One 38-page report, a flurry of correspondence, and a year and
a half later, the Class of 1937 is still standing firm. Although
some in their ranks are as tired of the issue as most students,
others are still bandying about terms like "pc Police"
and speculating about freshman counselor "spy networks"
run out of Dean Trachtenberg’s office. According to a former
L&T’ staff member, the magazine and the alumni soon found
a mutually agreeable division of labor in the fight: "We
[L&T’] provided the information, and they fought the battles
for us." Though unsuccessful in helping the editors receive
compensation for damages or having "formal sanctions"
brought against the implicated freshman counselors and administrators,
the alumni still seem determined to fight to the death. The Class
that Levin has called "Yale’s most devoted" has filed
a petition with the aya and is calling for a review of the University’s
free speech regulations.
"As members of the Class of 1937, we are old," said
corresponding secretary John W. Field. "We believe in tradition
and freedom . . . [and] we love Yale." On the surface,
the Class of 1937 perceived a threat to intellectual freedom
on campus, especially for conservative views. However, their
actions betray a deeper fear that, as the years go by, the administration
is forgetting the Old Yale. The decline of conservative groups,
which they see as one of the last bastions of this spirit on
campus, is particularly worrisome to men who may not be around
to defend the Yale they love much longer.
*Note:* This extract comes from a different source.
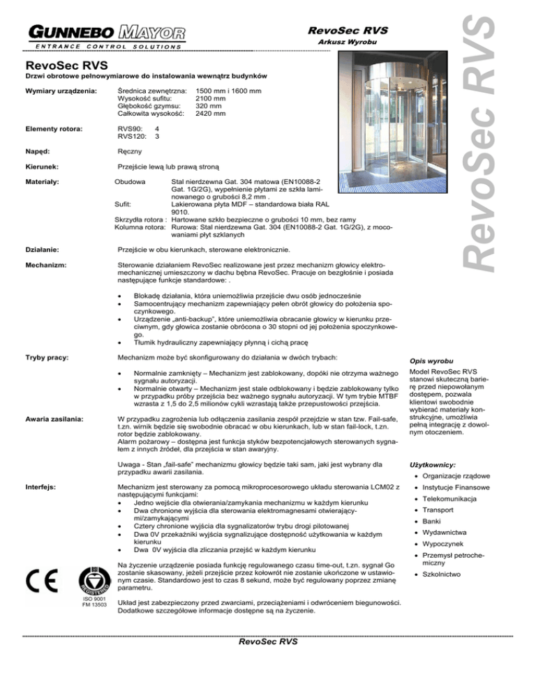 RevoSec RVS RevoSec RVS Arkusz Wyrobu RevoSec RVS Drzwi obrotowe pełnowymiarowe do instalowania wewnątrz budynków Wymiary urządzenia: Średnica zewnętrzna: Wysokość sufitu: Głębokość gzymsu: Całkowita wysokość: Elementy rotora: RVS90: RVS120: Napęd: Ręczny Kierunek: Przejście lewą lub prawą stroną Materiały: 1500 mm i 1600 mm 2100 mm 320 mm 2420 mm 4 3 Obudowa Stal nierdzewna Gat. 304 matowa (EN10088-2 Gat. 1G/2G), wypełnienie płytami ze szkła laminowanego o grubości 8,2 mm . Sufit: Lakierowana płyta MDF – standardowa biała RAL 9010. Skrzydła rotora : Hartowane szkło bezpieczne o grubości 10 mm, bez ramy Kolumna rotora: Rurowa: Stal nierdzewna Gat. 304 (EN10088-2 Gat. 1G/2G), z mocowaniami płyt szklanych Działanie: Przejście w obu kierunkach, sterowane elektronicznie. Mechanizm: Sterowanie działaniem RevoSec realizowane jest przez mechanizm głowicy elektromechanicznej umieszczony w dachu bębna RevoSec. Pracuje on bezgłośnie i posiada następujące funkcje standardowe: . • • • • Tryby pracy: Mechanizm może być skonfigurowany do działania w dwóch trybach: • • Awaria zasilania: Blokadę działania, która uniemożliwia przejście dwu osób jednocześnie Samocentrujący mechanizm zapewniający pełen obrót głowicy do położenia spoczynkowego. Urządzenie „anti-backup”, które uniemożliwia obracanie głowicy w kierunku przeciwnym, gdy głowica zostanie obrócona o 30 stopni od jej położenia spoczynkowego. Tłumik hydrauliczny zapewniający płynną i cichą pracę Normalnie zamknięty – Mechanizm jest zablokowany, dopóki nie otrzyma ważnego sygnału autoryzacji. Normalnie otwarty – Mechanizm jest stale odblokowany i będzie zablokowany tylko w przypadku próby przejścia bez ważnego sygnału autoryzacji. W tym trybie MTBF wzrasta z 1,5 do 2,5 milionów cykli wzrastają także przepustowości przejścia. W przypadku zagrożenia lub odłączenia zasilania zespół przejdzie w stan tzw. Fail-safe, t.zn. wirnik będzie się swobodnie obracać w obu kierunkach, lub w stan fail-lock, t.zn. rotor będzie zablokowany. Alarm pożarowy – dostępna jest funkcja styków bezpotencjałowych sterowanych sygnałem z innych źródeł, dla przejścia w stan awaryjny. Uwaga - Stan „fail-safe” mechanizmu głowicy będzie taki sam, jaki jest wybrany dla przypadku awarii zasilania. Interfejs: Mechanizm jest sterowany za pomocą mikroprocesorowego układu sterowania LCM02 z następującymi funkcjami: • Jedno wejście dla otwierania/zamykania mechanizmu w każdym kierunku • Dwa chronione wyjścia dla sterowania elektromagnesami otwierającymi/zamykającymi • Cztery chronione wyjścia dla sygnalizatorów trybu drogi pilotowanej • Dwa 0V przekaźniki wyjścia sygnalizujące dostępność użytkowania w każdym kierunku • Dwa 0V wyjścia dla zliczania przejść w każdym kierunku Na życzenie urządzenie posiada funkcję regulowanego czasu time-out, t.zn. sygnał Go zostanie skasowany, jeżeli przejście przez kołowrót nie zostanie ukończone w ustawionym czasie. Standardowo jest to czas 8 sekund, może być regulowany poprzez zmianę parametru. Układ jest zabezpieczony przed zwarciami, przeciążeniami i odwróceniem biegunowości. Dodatkowe szczegółowe informacje dostępne są na życzenie. RevoSec RVS Opis wyrobu Model RevoSec RVS stanowi skuteczną barierę przed niepowołanym dostępem, pozwala klientowi swobodnie wybierać materiały konstrukcyjne, umożliwia pełną integrację z dowolnym otoczeniem. Użytkownicy: • Organizacje rządowe • Instytucje Finansowe • Telekomunikacja • Transport • Banki • Wydawnictwa • Wypoczynek • Przemysł petrochemiczny • Szkolnictwo RevoSec RVS Arkusz Wyrobu Zabezpieczenie: By uniemożliwić przejście przez „martwą strefę”, w suficie przejścia zainstalowany jest czujnik do wykrywania niewłaściwego użycia. W takim przypadku drzwi zostaną w tym kierunku zablokowane, a następnie zwolnione, poprzez wyłącznik zainstalowany w cokole górnym. Podświetlenie: Standardowo zainstalowane są lampy podświetlenia. Obsługa serwisowa: Poprzez włazy w suficie przejścia i/lub od góry. Zasilanie: 115/230 V prąd zmienny 50/60 Hz. Moc znamionowa: 110 VA Napięcie sterowania: 24 V prąd stały Szczegóły instalowania: Modele RevoSec RVS są dostarczane w zestawie częściowo zmontowanych zespołów, t.zn. skrzydła, rama i kolumna, które mogą wymagać podnośnika dla rozładunku. Przybliżony ciężar 500 kg, zależnie od specyfikacji. Dostępne modele Ręczny kołowrót RevoSec do instalowania wewnątrz • • Model RVS 90 Model RVS 120 Średnica 1500 lub 1600 mm z bezramowym hartowanym szkłem bezpiecznym o grubości 10 mm (detekcja IR) Średnica 1500 lub 1600 mm z bezramowym hartowanym szkłem bezpiecznym o grubości 10 mm (detekcja IR) • • Model RVS 90FP Model RVS 120FP Średnica 1500 lub 1600 mm z obramowanym rotorem szklanym z/bez uszczelnień taśmami szczotkowymi (detekcja IR) Średnica 1500 lub 1600 mm z obramowanym rotorem szklanym z/bez uszczelnień taśmami szczotkowymi (detekcja IR) • • Model RVS 90SL Model RVS 120SL Średnica 1500 lub 1600 mm z rotorem listwowym i prętami statora (bez detekcji IR) Średnica 1500 lub 1600 mm z rotorem listwowym i prętami statora (bez detekcji IR) Akcesoria i dodatki opcjonalne Alternatywne materiały i wykończenia • Wymagania konstrukcyjne dotyczące materiałów specjalnych – patrz Gunnebo Mayor. • Alternatywne kolory RAL epoksydowego lakieru proszkowego. • Szyby przyciemniane. • 11,4 mm grubości 3-warstwowe szkło przeciw-włamaniowe z warstwą poliwęglanową. • Płyty wykładzin bębna mogą być zastąpione pełnymi płytami. • Powiększona wysokość cokołu górnego. Mocowanie czytników kart • Czytniki dostarczone przez odbiorcę mogą być wbudowane do kolumn obudowy RVS. • Podstawy do montowania czytników kart. Lampki statusu • Wyświetlacze diodowe Czerwonego Przekreślenia i Zi

By not punishing those
involved in confiscating L&T’, it seemed as if University
officials were not only attacking the rights of a conservative
publication to challenge the administration, but the values and
rights of her own alumni as well.
"[W]e had a grand time here together and we now march out
and sit on the sidelines and exercise our almost divine right
to grumble at the changes that will doubtless begin the instant
our backs are turned," former Yale president James Rowland
Angell wrote in the History of the Class of 1937. "[O]r
we might make the class of 1937 completely immortal."